「おぉ!!切島じゃねえか!?」
「お前も来てたのか鉄哲!?」
――夏祭り。
クラスの数名で遊びに来ていたら、ばったり会ったのはB組の面々だった。
俺ら私服なのに、こいつら浴衣でばっちりだなあ……そう眺めていると、後ろの方で控え目に立つ女子の姿が目に入る。
みょうじなまえ。
何故、すぐにその名前が出て来たのかは、少し気になっていたから。
大人しそうで清楚な見た目。
控え目でおっとりした性格。
うちのクラスにはいないタイプの女子だ。それだけで、単純ながら男は気になるというもの。
そして、浴衣姿がめちゃくちゃドストライクだった。
「なあ、この二人も意気投合してるし、一緒に回らね?」
だから、そう提案してみた。A組とB組の合同授業なんてないし、交流が少ないなか、これは仲良くなるチャンスだ。
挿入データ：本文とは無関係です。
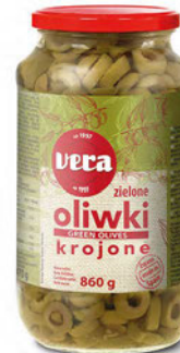
Oliwki zielone krojone

「なんで僕らがわざわざ君たちA組と一緒に行動しなきゃならないんだ」
そして、さっそく立ち塞がる壁。物間というヤンデ男だ。(何故こうもうちのA組を敵視してるかサッパリわかんねえんだよなー……)
「別にいいじゃん。人数多い方が楽しいしさ」
「ん」
「勝手なこと言うなよ、拳藤!」
「んじゃあ、決定ってことで。行こうぜ」
「あっ!おい、僕はまだ一言もいいとは……!!」
押しきる形で一緒に行動する。物間はぶつさく言ってたみたいだが、やがて諦めたようだ。
「A組!射的で勝負だ!」
いや、代わりに違う方向へ意識がいっている。無論、それは放っておいて。
「……たこ焼き食いてえの?」
「あ……瀬呂くん、だっけ?」
「そう、瀬呂範太」
「私の名前は……」
「みょうじなまえだろ?知ってる」
「うん」
名前知ってたんだな、とか、その口から名前を呼ばれただけで、不覚にも心が浮き上がってしまった。
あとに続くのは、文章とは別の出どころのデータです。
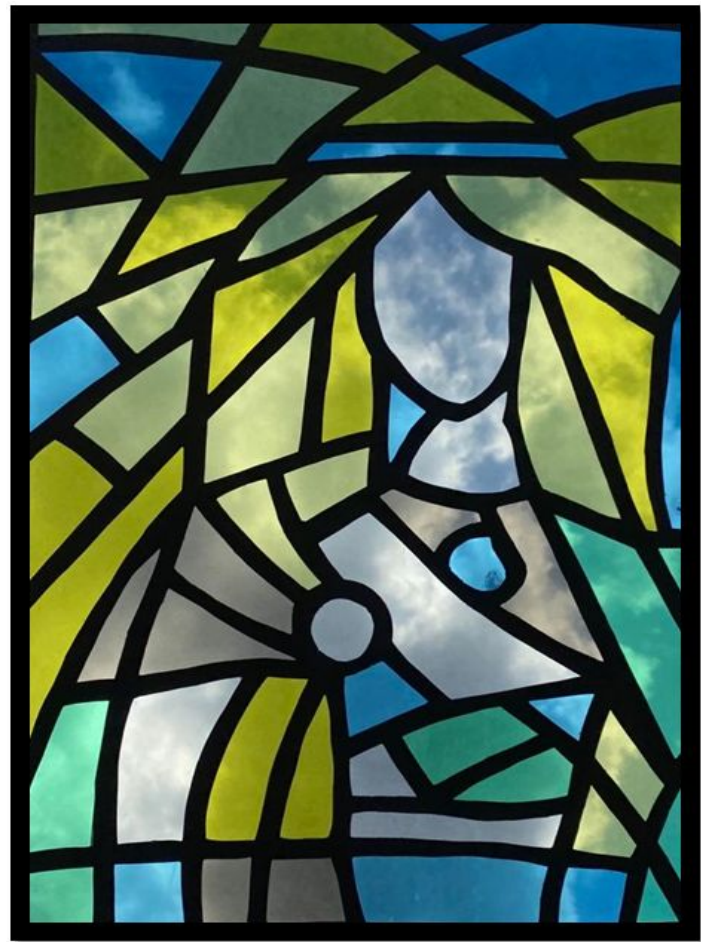
12. att. Mans noslēguma darbs.

「屋台って食べたいものがいっぱいあるから、考えて食べないとすぐお腹いっぱいになっちゃうなって」
どうしようかなぁって迷うみょうじに、俺が言う事は一つだ。
「じゃあ、半分こしね?」
その提案に、みょうじは一瞬驚いたような顔をしてからすぐに微笑む。
「半分こ、いいね。したい」
お互いお金を半分出しあって、一つのたこ焼きを交互に食べ合った。
「たこ焼き、おいしいね」
「ああ、うめえ」
……すでにちょっと良い感じな雰囲気じゃね?
「お、定番の金魚掬いやヨーヨー釣りもあるぜ」
夏の遊戯を見て、そういやぁ小さい頃はスーパーボール掬いが好きだったなぁと思いだす。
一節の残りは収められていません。